154 I can see no persuasive argument that would have rendered the
proposed coincidence evidence inadmissible, except, of course, for the
possible operation of section 101, or of section 137 of the Evidence
Act; - (and perhaps sections 135 and 136, although I would myself have
thought that those sections were, as a practical matter, academic in a
case of the0 present kind).
155 For the foregoing reasons, I would not be persuaded that, absent
binding authority to the contrary, there was any miscarriage by reason
of the joint trial of all five counts in the indictment. There is, as
it happens, authority which seems to me to support the foregoing
reasoning.
156 It is convenient to begin that canvass by referring back to part
of the contents of paragraph 12, previously herein quoted, of the
judgment of the English Court of Appeal in Cannings.
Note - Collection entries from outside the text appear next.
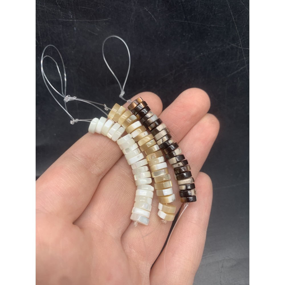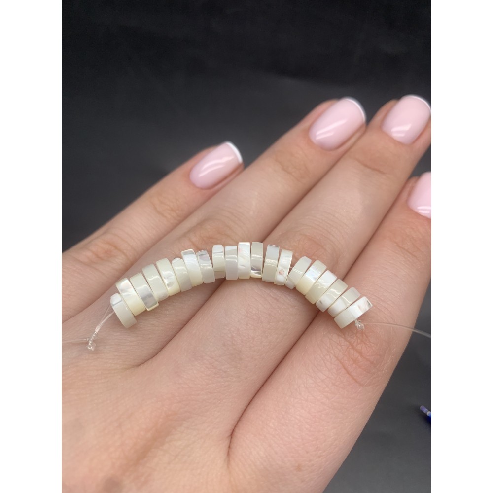 • Каменные бусины, Перламутр, белый, шайба, 8х2 мм, длина нити 5 см, 20 бусин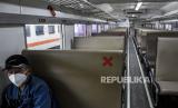Petugas membersihkan gerbong kereta api di Stasiun Bandung, Kota Bandung, Jumat (2/7). Pemerintah akan menerapkan Pemberlakuan Pembatasan Kegiatan Masyarakat (PPKM) Darurat di Pulau Jawa dan Bali mulai 3 Juli mendatang, salah satunya membatasi jumlah penumpang kereta api maksimal 70 persen dari kapasitas serta pelaku perjalanan jarak jauh harus menunjukkan kartu vaksin dan keterangan negatif swab antigen maksimal satu hari sebelum keberangkatan. Foto: Republika/Abdan Syakura (FOTO : REPUBLIKA/ABDAN SYAKURA)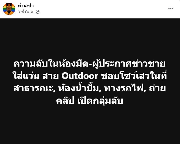 ทำเอาสะเทือนวงการผู้ประกาศข่าว เมื่อเพจดังอย่าง “ท่านเปา” ได้ทำการโพสต์ที่ชวนชาวเน็ตใส่ใจ เป็นเรื่องของผู้ประกาศข่าวที่ชอบโชว์ของลับในที่สาธารณะ  โดย โพสต์ว่า “ความลับในห้องมืด-ผู้ประกาศข่าวชายใส่แว่น สาย Outdoor ชอบโชว์เสวในที่สาธารณะ, ห้องน้ำปั้ม, ทางรถไฟ, ถ่ายคลิป เปิดกลุ่มลับ” และยังใบ้เพิ่มเติมด้วยว่า “ใส่แว่น ไม่ใช่นักข่าวภาคสนาม คนนี้นั่งอ่านในสตู”   ทั้งยังแนบภาพหลักฐานเห็นขาแบบชัด ๆ ด้วย

The judgment of a
differently constituted Bench of the Court of Appeal which dealt with
the interlocutory application of which paragraph 12 speaks, was made
available to this Court. That judgment takes as its starting point the
decision, earlier herein mentioned, of Makin. There follows a detailed
and helpful canvass of subsequent English authority. The conclusion
reached upon the basis of that canvass is put as follows in paragraph
31 of the judgment:
“In our judgment, it would be, in the words used in the authorities,
‘an affront to common sense’ if the evidence in relation to the deaths
and ALTEs of each of these children was not admissible in relation to
the deaths referred to in the indictment. As we have said, we do not
accept that it is a necessary prerequisite to the admission of such
evidence that, when viewed in isolation in relation to each child, it
gives rise to a prima facie case. Whether or not there is, in relation
to either count in the indictment, a prima facie case, is a matter, of
course, determinable at the close of the prosecution case at trial.
But, in our judgment, when fairness to the prosecution, as well as
fairness to the defence, are considered, there is nothing either wrong
in law or unfair in the evidence in relation to each of these children
being admitted, in relation to the death of the others. It follows
that, in our judgment, the judge was correct to rule in relation to
admissibility as she did and to rule that severance was
inappropriate.”
157 Of the authorities which are canvassed by that interlocutory
judgment of the Court of Appeal there is one, Director of Public
Prosecutions v P [1991] 2 AC 447, in which the Lord Chancellor, Lord
Mackay of Clashfern, states a number of propositions which are, I
think, helpful to the present discussion.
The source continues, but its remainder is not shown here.